Crypto ETPs See $2.2B Weekly Inflows as Bitcoin, Ether Lead

TheNewsCryptoPublished on 2026-01-20Last updated on 2026-01-20

Abstract

Crypto exchange-traded products (ETPs) attracted $2.2 billion in net inflows, marking the strongest weekly surge since October of last year. Bitcoin-focused funds captured the majority of inflows, while Ether and a few altcoin products also saw fresh capital. Investors are increasingly using these ETPs as a convenient way to gain crypto exposure without direct ownership. The inflows coincided with rising token prices and increased trading activity. Institutional adoption is growing, as brokers and wealth managers integrate crypto ETPs into traditional investment platforms. Demand is broadening beyond Bitcoin, with Ether recording healthy inflows and altcoins attracting some interest.
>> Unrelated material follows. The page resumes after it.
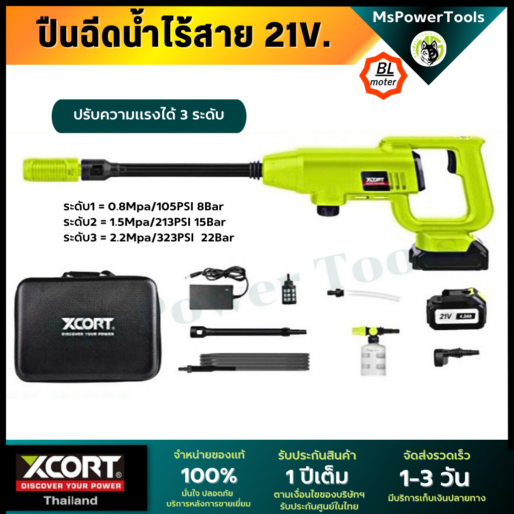 เครื่องฉีดน้ำแรงดันสูง ไร้สาย ปืนฉีดน้ำแรงดันสูง Xcort 22 Bar แถมกระบอกฉีดโฟม ล้างรถสะอาด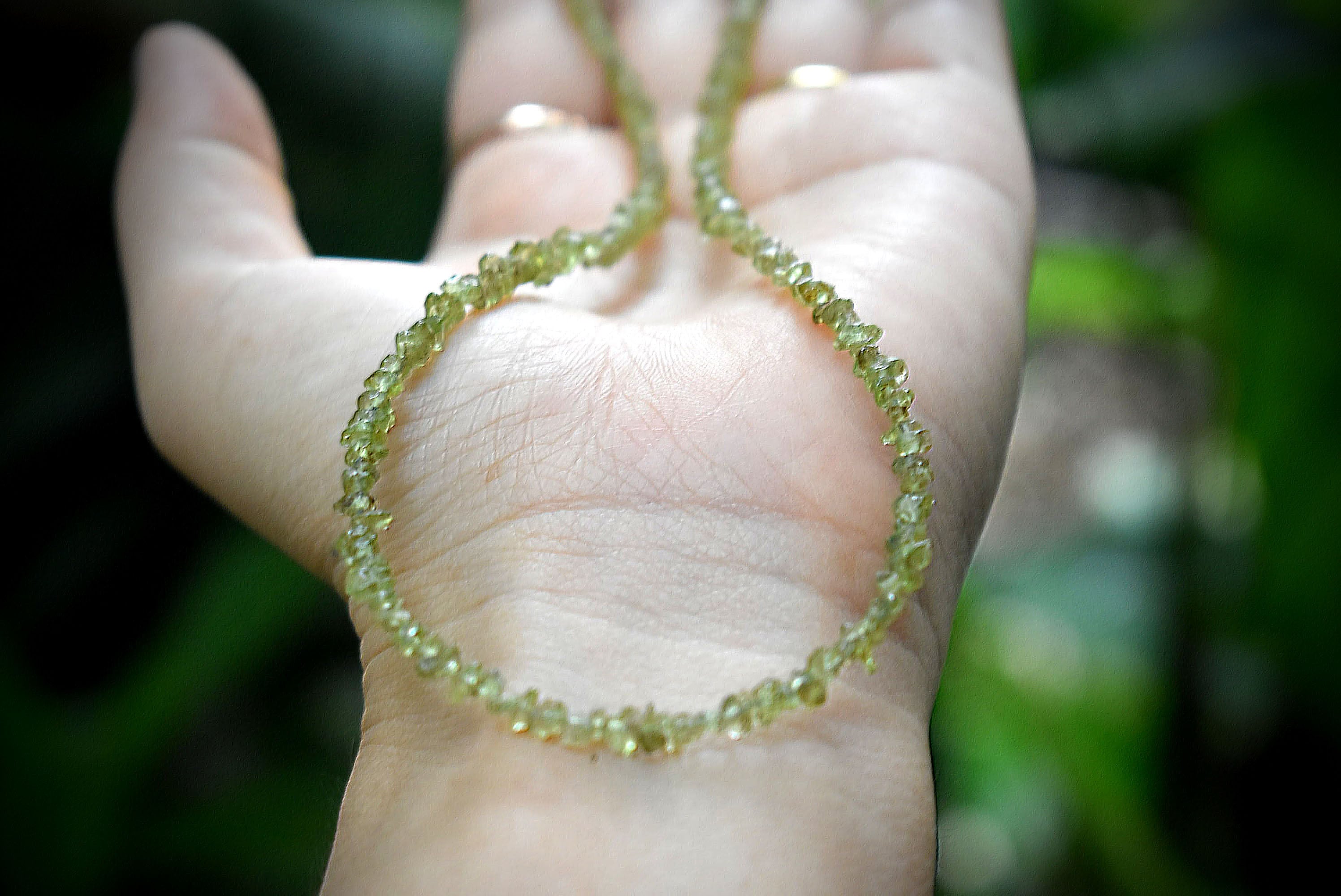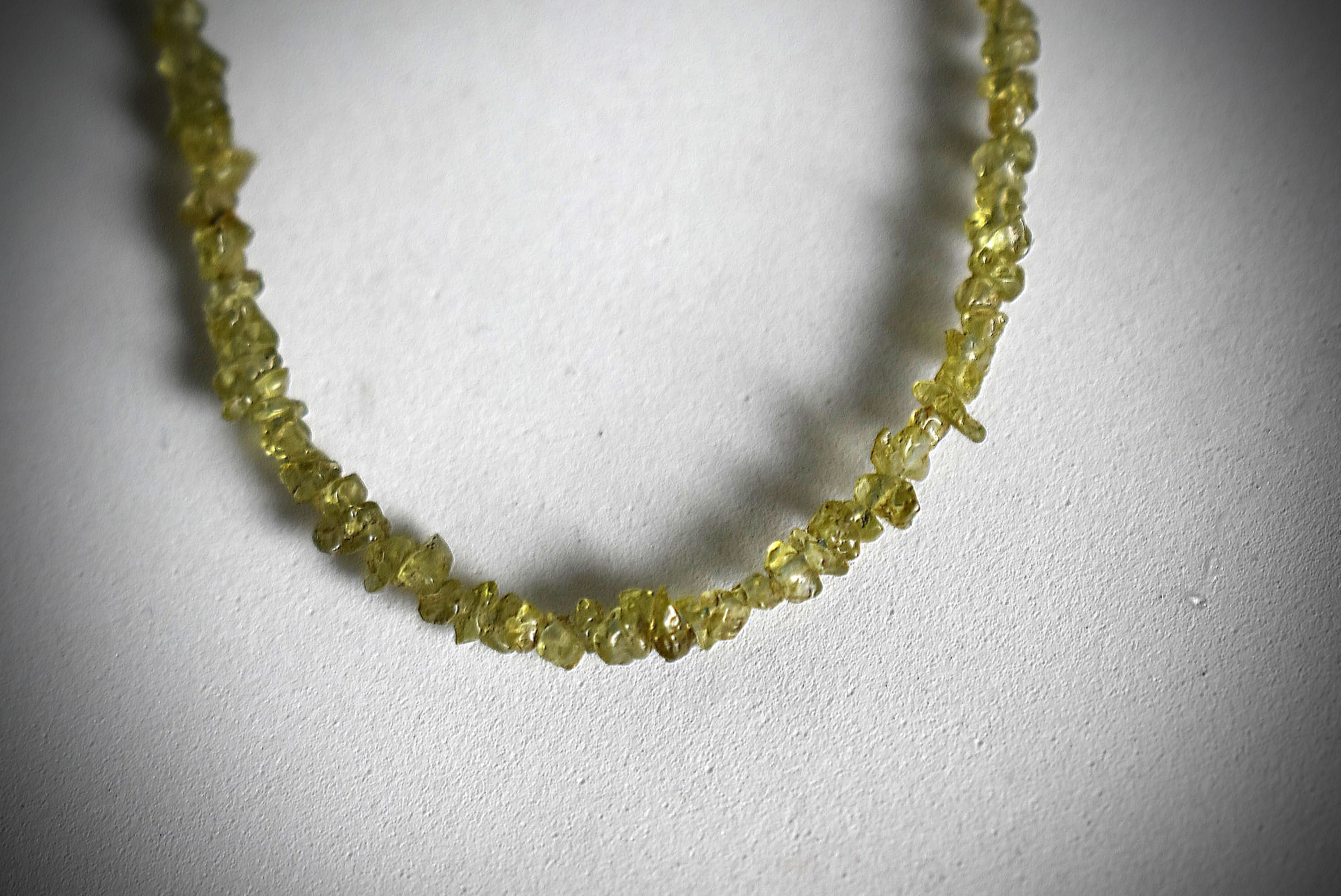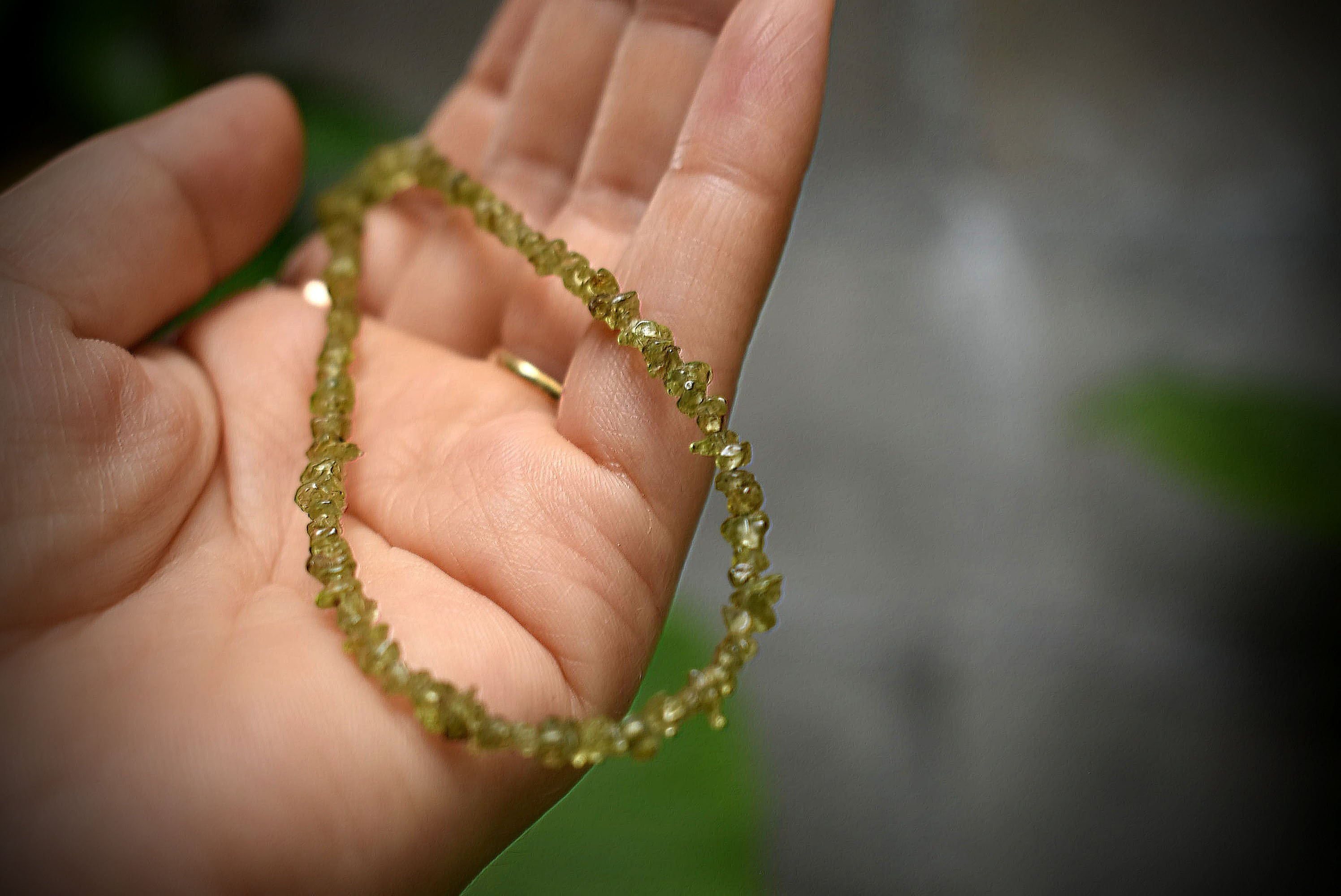 高品質なペリドット細石にひとつひとつ穴をあけ、重ね合わせたネックレスを制作しました。

As per the reports, global exchange-traded products associated with crypto dragged in around $2.2 billion in net inflows in the past week, a leap that signalled the strongest weekly shift since October last year.

Bitcoin-aimed funds accumulated the lion’s share, and Ether, along with some other altcoin products, also witnessed fresh capital enter. As per CoinShares, Bitcoin-associated products accounted for most of the inflows, and Ether-associated ETPs also got a handful of new capital.

A lot of investors viewed these products as a swifter way to have exposure to crypto without taking possession of the coins directly. The pattern highlights a surging comfort among big traders and funds with exchange-traded wrappers.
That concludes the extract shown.